An Interactive Annotated World Bibliography of Printed and Digital Works in the History of Medicine and the Life Sciences from Circa 2000 BCE to 2022 by Fielding H. Garrison (1870-1935), Leslie T. Morton (1907-2004), and Jeremy M. Norman (1945- ) Traditionally Known as “Garrison-Morton”

16031 entries, 14098 authors and 1944 subjects. Updated: October 9, 2024

LONGMATE, Barak

1 entries
  • 5735.1

Article on Indian rhinoplasty.

Gentleman’s Magazine, 64, pt. 2, 891-92, 1794.

The first report published in Europe on the so-called Indian or Hindu method of rhinoplasty using a forehead flap, accompanied by an engraving of the patient, Cowasjee, with a restored nose and showing the stages of the operation. The article was signed by only "B. L." 

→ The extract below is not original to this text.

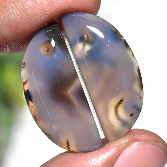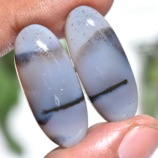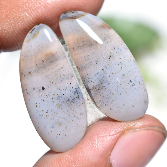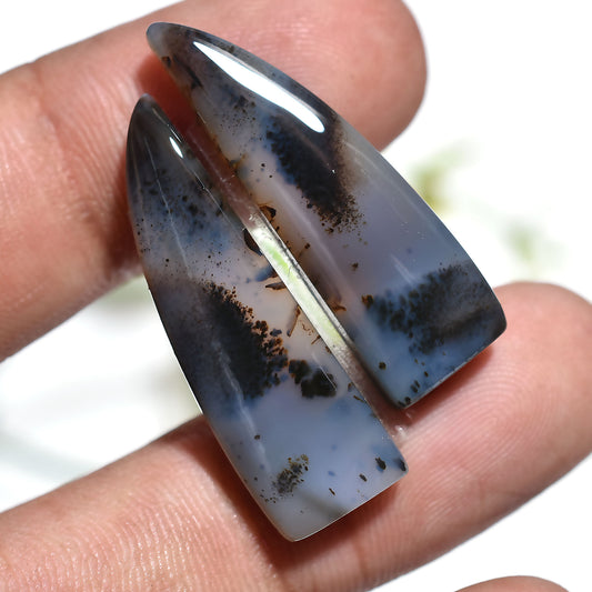 Natural Montana Agate Gemstone Pair – Fancy Shape Matching Cabochons Duo (10x26x3mm,/34ct)
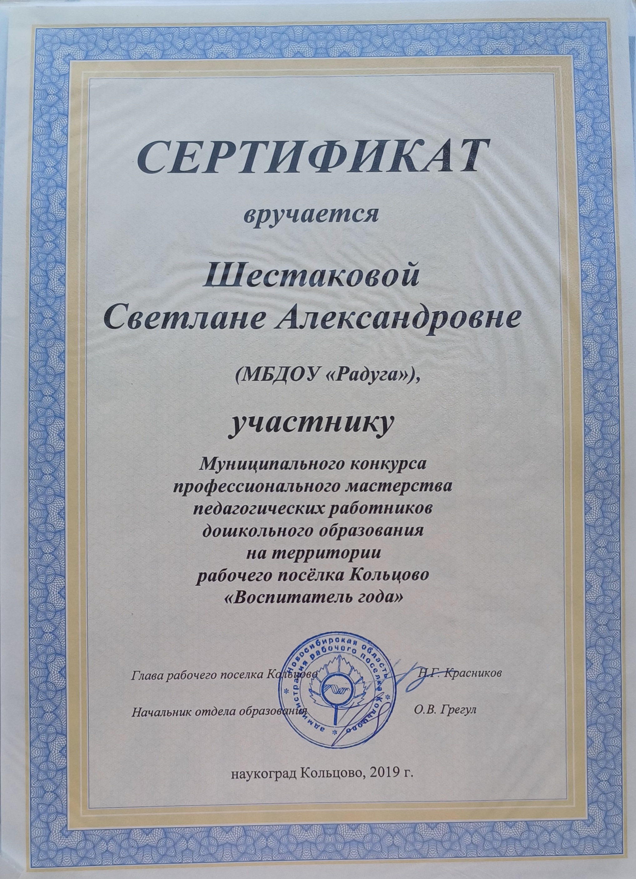 Сертификат участника Муниципального конкурса профессионального мастерства педагогических работников дошкольного образования на территории рабочего посёлка Кольцово "Воспитатель года"

The publication of this procedure was highly unconventional. On March 20, 1794 a copperplate engraving by R. Mabon after James Wales's portrait of Cowasjee was published in Bombay, with images and an engraved text outlining the operation. Only a single copy of that Bombay broadside may have survived. Following publication of the Bombay broadside, news of the procedure was first reported in the Hircarrah of The Madras Gazette of August 4, 1794.
 
A copy of the Bombay broadside must have reached London and the editor of The Gentleman's Magazine, which published the article signed B. L. in October 1794. Authorship of this article has been attributed to Barak Longmate. Following that London periodical publication, a broadside based on the Bombay broadside but with a different version of Wales's portrait of Cowasjee engraved by W. Nutter, was issued on January 1, 1795 with the same text as the 1794 Bombay broadside. Both the 1794 Bombay version of the broadside and the 1795 version of the broadside are excessively rare.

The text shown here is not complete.